The cop on the beat didn’t even pause as he passed the Greenhouse Effect coffee shop. Inside, marijuana was on the menu. The police station was just across the street.

As the pungent smoke wafted down the block, a disgusted middle-aged visitor from Minnesota approached Jan Biemolt, the nonchalant officer.

“We found out in the States that doing drugs has consequences for everyone. . . . We need values, ethics, self-discipline, denial,” the American said.

Biemolt listened politely, then asked, “What about the money spent for your war on drugs? Did it solve the problem?”

The street-corner encounter is a microcosm of an international debate in which the Netherlands and the U.S. represent two extremes in the Western industrialized world.

In Europe, many countries focus on drug treatment or on reducing the crime and disease that accompany the illegal trade in drugs. The Netherlands allows open marijuana use and views those addicted to hard drugs as “patients,” not criminals.

Even within Europe, the Netherlands is considered radical and is revising its policies. But European countries continue to experiment with non-punitive measures: Switzerland is trying a program that offers heroin to addicts – a longtime practice in England that the Netherlands soon will try.

Meanwhile, the U.S. spends billions on its “drug war,” stepping up arrests and filling prison cells. As American cities struggle with drug epidemics and the violent crime they can bring, the mere mention of legalization can provoke a political storm.

As former Surgeon General Joycelyn Elders discovered last year, there is little tolerance in America’s drug debate for advocates of decriminalization.
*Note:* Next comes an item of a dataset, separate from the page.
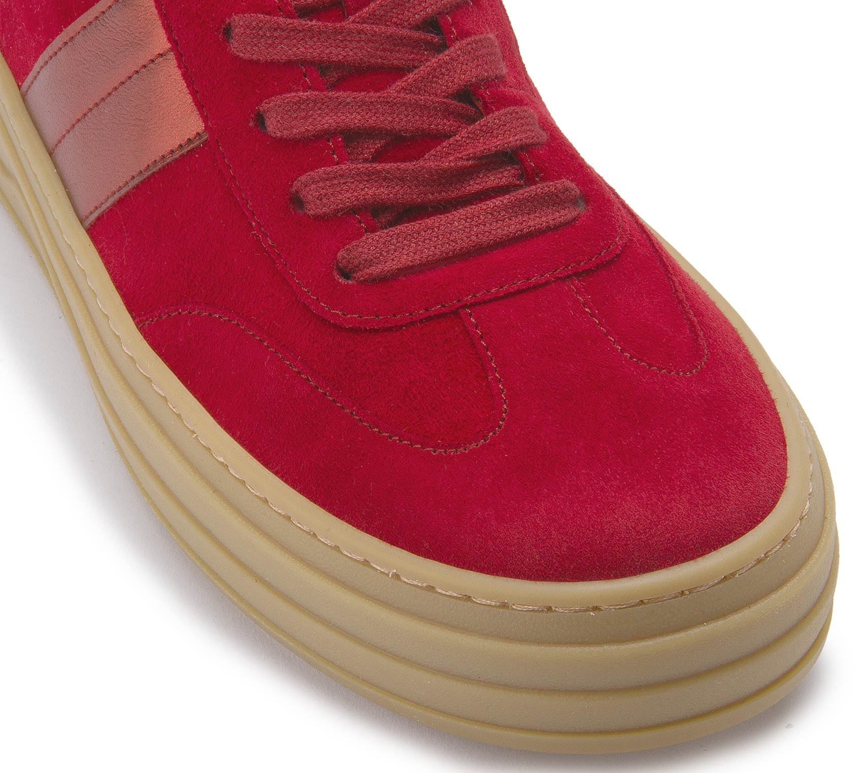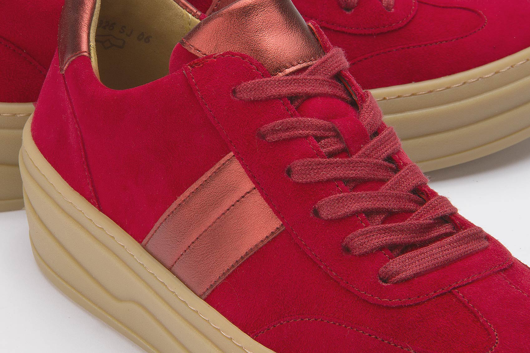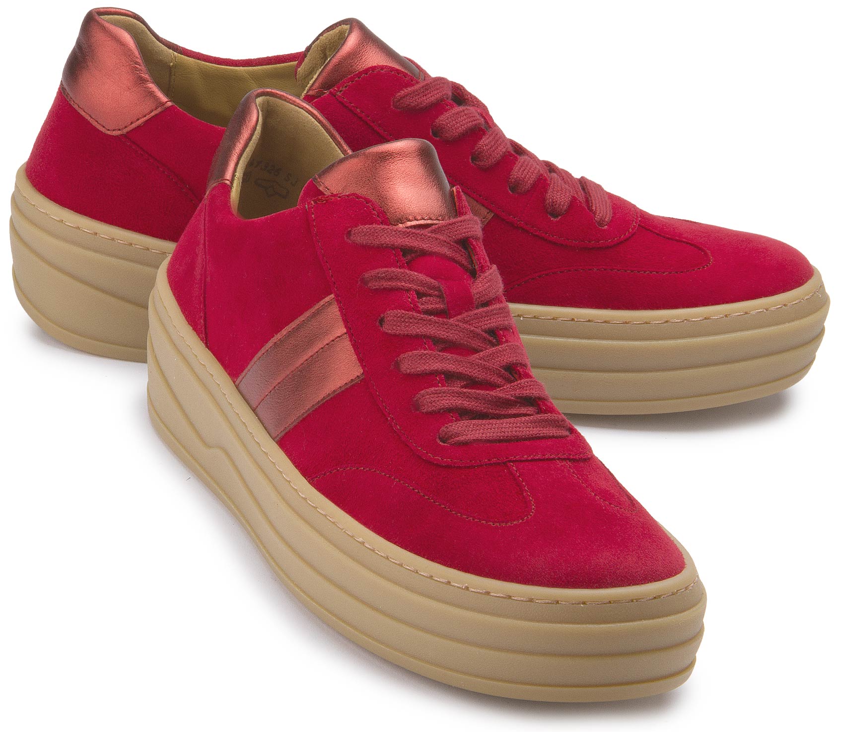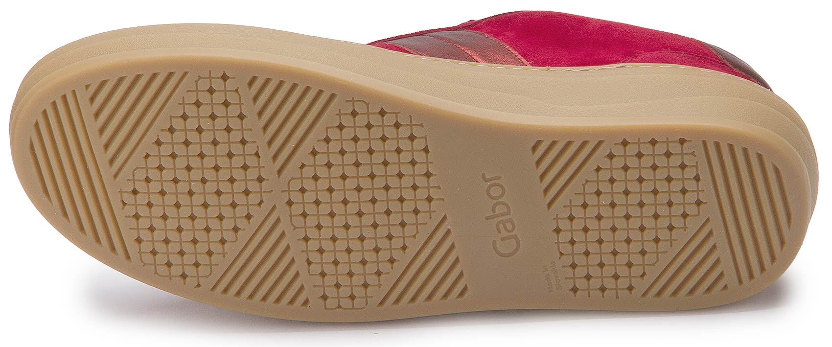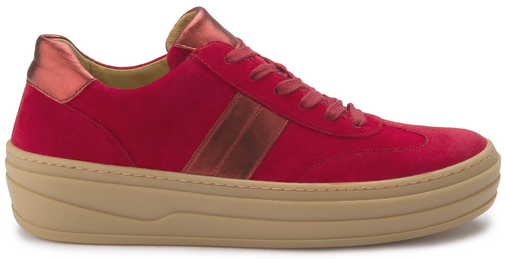 Dieser modische Sneaker von Gabor vereint samtiges rotes Rauleder mit glänzenden Metallic-Akzenten und setzt damit ein echtes Fashion-Statement. Die komfortable Plateau-Sohle und das praktische Wechselfußbett sorgen für ein angenehmes Tragegefühl – ideal für modebewusste Frauen, die Wert auf Stil und Bequemlichkeit legen.

But Americans’ tough talk on drugs doesn’t impress European crime experts, who say the U.S. has little to show when it comes to results and could learn from Europe’s varied approaches.

“You can put them (drug abusers) in a cell. So what? You pay a lot,” said Derk Van der Woude, spokesman for the Amsterdam Health Service, which treats the city’s addicts. “I know a country that tried to prohibit the trade of alcohol – your country. You ended up with Al Capone.”

Some experts argue that America isn’t ready to follow Switzerland or Holland because the U.S. is plagued by poverty, child abuse and other social problems that can drive people to drugs.

Moreover, the U.S. lacks a thorough treatment and prevention network like the one in Europe, said Dr. Carl Bell, who heads the Community Mental Health Council on Chicago’s South Side. Decriminalization “by itself . . . is opening Pandora’s box,” Bell said.

The debate doesn’t simply pit Europeans against Americans. At the headquarters in France of the International Criminal Police Organization (Interpol), Secretary General Raymond Kendall also calls for decriminalization of drugs, saying police can’t effectively respond when “thousands of people are breaking the law every day.”

And in the 1990 Frankfurt Resolution, several European cities urged decriminalization because, they said, “illegality is the primary factor causing the misery, deaths and . . . criminality of addicts.”

Last year, however, 21 cities formed European Cities Against Drugs and signed the Stockholm Resolution rejecting all moves to legalize drugs. Stockholm Mayor Carl Cederschioeld said the group seeks to send “a clear and distinct message to cities such as Amsterdam (the Netherlands), Zurich (Switzerland), Hamburg and Frankfurt (Germany),” where “lax politics cause more young people to ruin their lives.”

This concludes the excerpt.